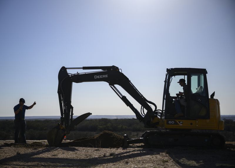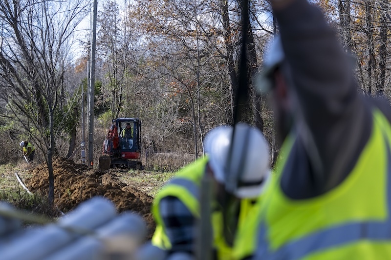 S&M Nix Enterprises operator Levi Senn in a Kubota KXO 40 mini-excavator digs a trench to install underground power to a home while Shelby Watson prepares the pole and conduit in the background, while Trent Wilson and Karson Nance push cable into a conduit.
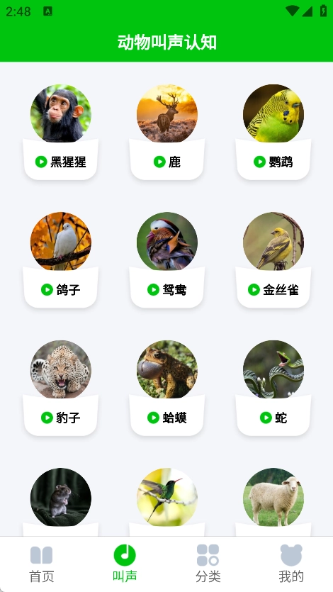 2、在叫声页面中可以了解不同的动物声音,可以及时了解不同的声音信息。
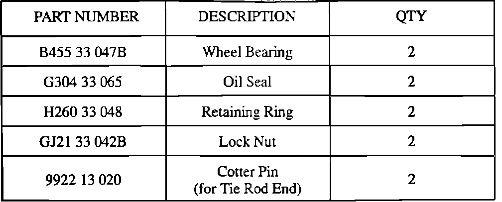 The wheel bearings have been modified to eliminate the excessive clearance. There is now a better, tighter fit between the wheel bearing and steering knuckle.
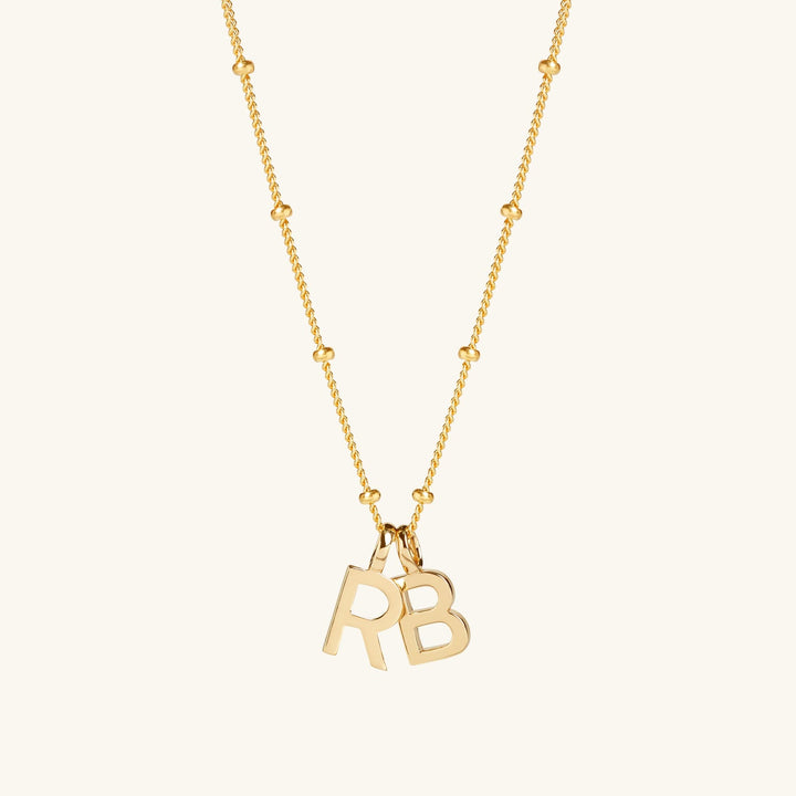 This Double Letter Necklace With Bead Chain Gold by Muru Jewellery is a customizable piece perfect for expressing individuality. Featuring two letter charms, it’s a meaningful gift or a stylish personal treasure.
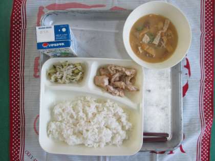 鶏肉のしょうゆマヨネーズ焼き、とうがんのみそ汁、切干しだいこんのゆずの香あえ、ごはん、牛乳
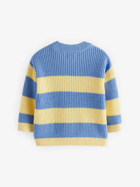 Yellow/Blue Stripe Knitted Crew Neck Jumper
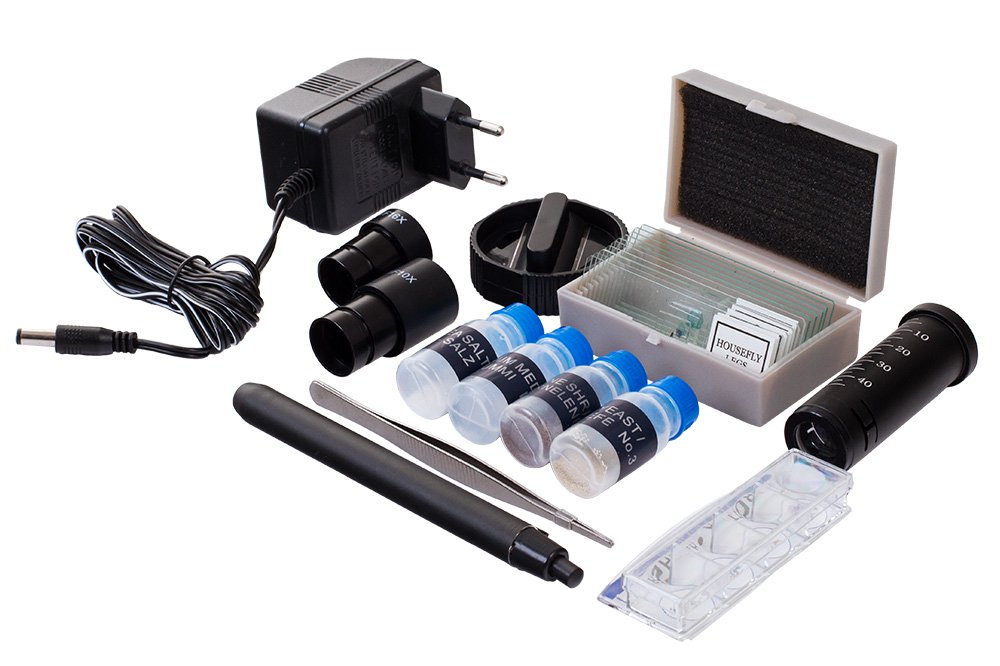 Достоинством данной модели можно назвать и богатую комплектацию. В комплект входит пылезащитный чехол, кейс для хранения и транспортировки, набор готовых микропрепаратов и руководство по использованию микроскопа.
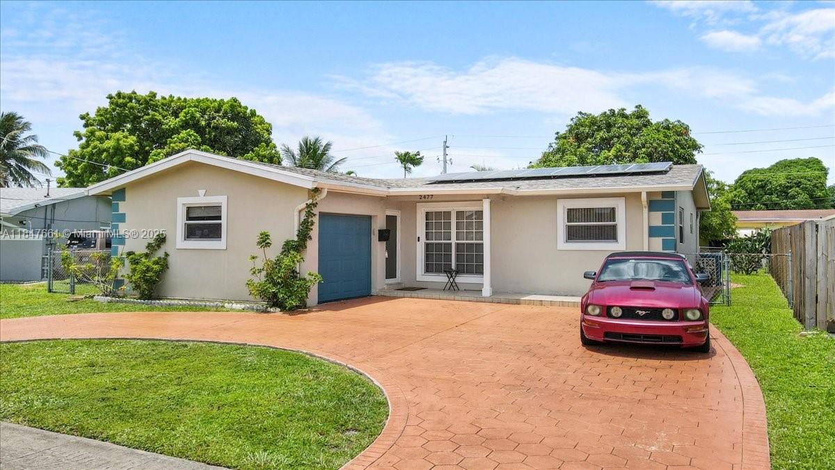 Charming 3-bed, 2-bath single-family home with a flex room, fully fenced yard, and a one car garage! enjoy a spacious open layout, updated kitchen with quartz counters, stainless steel appliances, and a modern tile finish throughout. features include a solar panel system, circular driveway, large patio for entertaining, and storage sheds. freshly painted with newer roof and central a/c. located near highways, shopping, schools, and sawgrass mills mall. move-in ready with space, upgrades, and energy efficiency!Single Family House 3 bedrooms - SUNRISE GOLF VILLAGE SEC
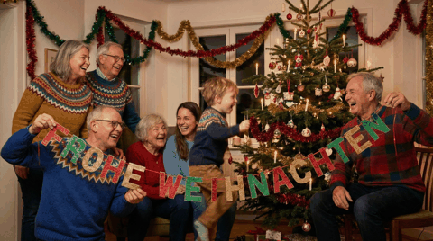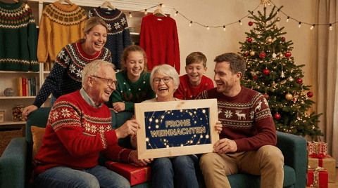 - Familiäre Grüße: Wähle warme, traditionelle Motive (Baum, Kerzen, herzliche Schriftzüge).
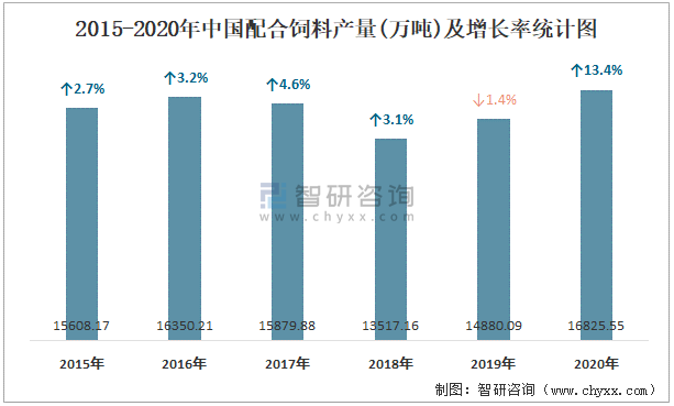 2015-2020年中國配合飼料產(chǎn)量及增長率統(tǒng)計(jì)圖
::::
WHAT TO PRODUCE
Repeat, word for word and with no pictures, only the lines running from the beginning of the data to the line that contains "Достоинством данной модели".

TASK SOLUTION
 S&M Nix Enterprises operator Levi Senn in a Kubota KXO 40 mini-excavator digs a trench to install underground power to a home while Shelby Watson prepares the pole and conduit in the background, while Trent Wilson and Karson Nance push cable into a conduit.
 2、在叫声页面中可以了解不同的动物声音,可以及时了解不同的声音信息。
 The wheel bearings have been modified to eliminate the excessive clearance. There is now a better, tighter fit between the wheel bearing and steering knuckle.
 This Double Letter Necklace With Bead Chain Gold by Muru Jewellery is a customizable piece perfect for expressing individuality. Featuring two letter charms, it’s a meaningful gift or a stylish personal treasure.
 鶏肉のしょうゆマヨネーズ焼き、とうがんのみそ汁、切干しだいこんのゆずの香あえ、ごはん、牛乳
 Yellow/Blue Stripe Knitted Crew Neck Jumper
 Достоинством данной модели можно назвать и богатую комплектацию. В комплект входит пылезащитный чехол, кейс для хранения и транспортировки, набор готовых микропрепаратов и руководство по использованию микроскопа.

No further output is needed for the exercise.